Location
- Ecclesiastical province: Anglican Church of Kenya

Information
- Cathedral: Cathedral of the Good Shepherd, Nakuru

Current leadership
- Bishop: Antony Mambo

= Anglican dioceses of Nakuru =

Dioceses of the Anglican Church of Kenya

The Anglican dioceses of Nakuru are the Anglican presence in and around Nakuru, west-central, north-east and south-central Kenya; they are part of the Anglican Church of Kenya. The remaining dioceses of the Church area in the areas of Mombasa, of Maseno, and of Mount Kenya.

==Diocese of Nakuru==

Nakuru diocese was founded in 1960 from the Diocese of Mombasa, and has since been split twice: to create the Diocese of Eldoret in 1983 and Nyahururu in 1998. It now includes the missionary area of Baringo, which has a suffragan bishop. The Cathedral of the Good Shepherd lies in Nakuru town.

===Bishops of Nakuru===
- 1961–1975: Neville Langford-Smith (retired)
- 1976–1980: Manasses Kuria (became Archbishop)
- 1980–?: Ladan Kamau
- 1990–2011: Stephen Mwangi
  - 2004–2008: Ole Sapit, Bishop of Kericho (became first bishop of that diocese)
- 2012- 2023: Joseph Muchai
- 2024- present: Antony Mambo
  - 2010–?: Peter Arok, Bishop of Twic East (separatist "missionary bishop" to South Sudan)
  - Musa Kamuren, Bishop of Baringo

==Diocese of Eldoret==

The Diocese of Eldoret was erected from Nakuru diocese in January 1983, and has since been split twice: to create Kitale in 1997 and Kapsabet in 2015.

===Bishops of Eldoret===
- 5 June 1983 – 1990: Alexander Muge
- 12 January 1992 – 1997: Stephen Kewasis (became first Bishop of Kitale)
- 1997–2010: Thomas Kogo
- 9 January 2011 – present: Christopher Ruto

==Diocese of Kitale==

The Diocese of Kitale was erected from Eldoret diocese on 1 July 1997. Since 2017, Lodwar missionary area, geographically within Kitale diocese, has been under the care of a missionary bishop, suffragan to the Bishop of All Saints, the Primate of All Kenya.

===Bishops of Kitale===
- 1997–2018: Stephen Kewasis (previously Bishop of Eldoret)
  - 2017–present: Samson Tuliapus, assistant Bishop of Kapenguria
- 2018–present Emmanuel Chemengich

==Diocese of Nyahururu==

Created from the Nakuru diocese on 1 January 1998, the Diocese of Nyahururu has since been split once: to create the Maralal missionary area (now diocese) in 2009.

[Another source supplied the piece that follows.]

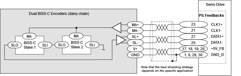 For dual daisy-chain BISS-C use the following connection. Dual BISS-C can be used for redundancy or to read the position of the rotor before and after a gearbox. Further details on this interface can be found here Primary Absolute Slave 2 (daisy chain).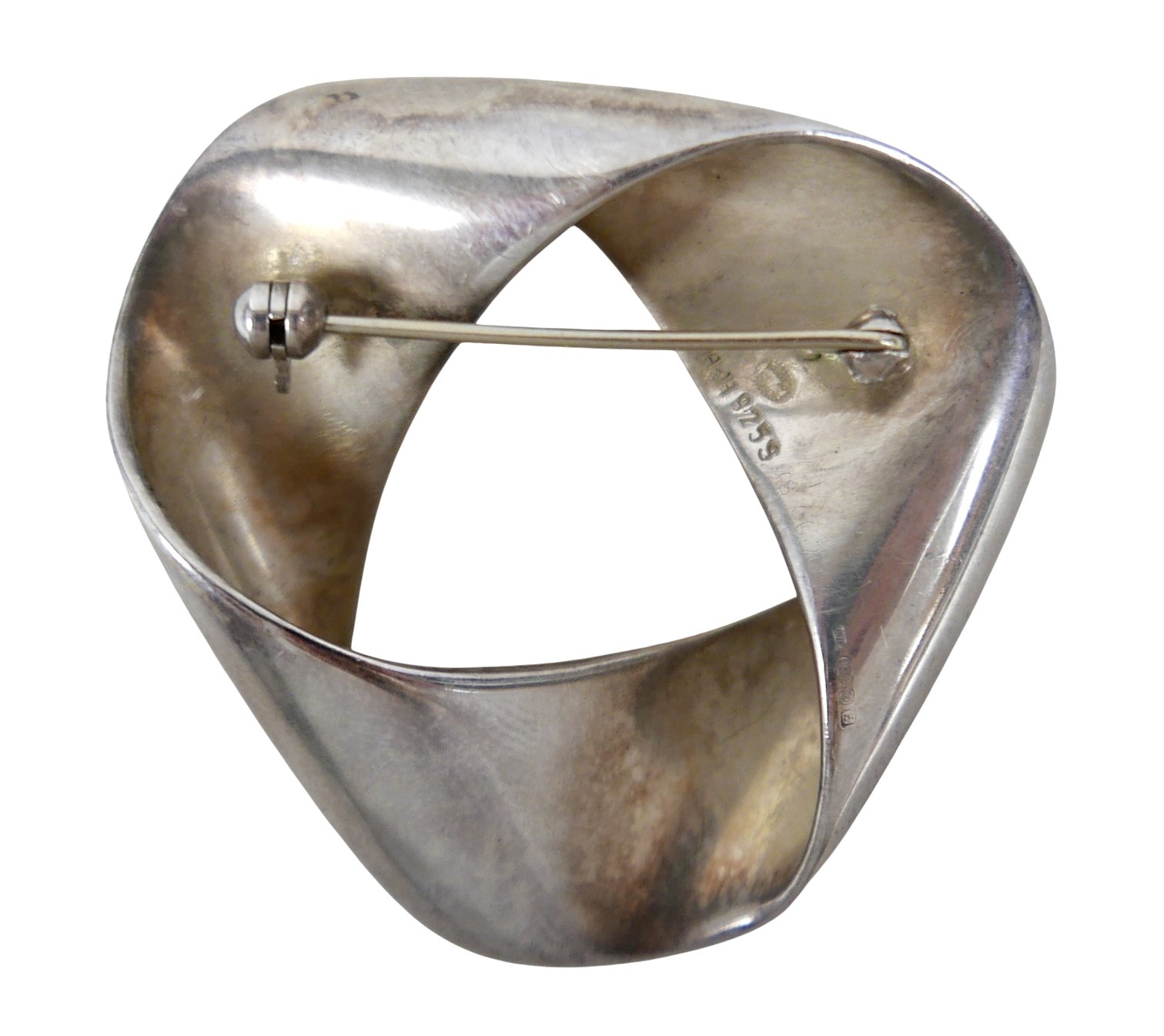 A Georg Jensen silver triangular form brooch, 1.01toz.

===Bishops of Nyahururu===
- 1998–2013: Charles Gaikia
  - Jacob Lesuuda, Bishop of Maralal
- 2013– 2023: Stephen Kabora
- 2024- present: Rtd Major Gachathi

==Diocese of Kericho==

In 2008, Kericho diocese was erected from an area of Nakuru diocese for which Sapit had been responsible as suffragan since 2004. The area had previously been the Narok missionary area of Nakuru diocese.

===Bishops of Kericho===
- 1 May 2008 – 2016: Ole Sapit (elected Primate of Kenya)
- 2016–present: Ernest Ng'eno

==Diocese of Maralal==

The Diocese was founded in 2015; it had become a missionary area in 2009, before which it was part of Nyahururu diocese. As a missionary area, it was under the care of Lesuuda (since 1 March 2009) as a suffragan of the Primate.

===Bishops of Maralal===
- 3 October 2015 – present: Jacob Lesuuda

==Lodwar Missionary Area==
Cleti Ogeto has been the suffragan bishop of All Saints' Diocese for the Lodwar Missionary Area — the Bishop of Lodwar — since before 2010. The territory now in the missionary area was previously of Kitale diocese.

==Baringo Missionary Area==
Musa Kamuren was consecrated a suffragan bishop of Nakuru diocese in 2015. He serves as Bishop of Baringo, which missionary area was and is part of the Diocese of Nakuru.

==Diocese of Kapsabet==

The Diocese of Kapsabet was erected on 1 January 2016 from Eldoret diocese. Its pro-cathedral is St Barnabas, Kapsabet.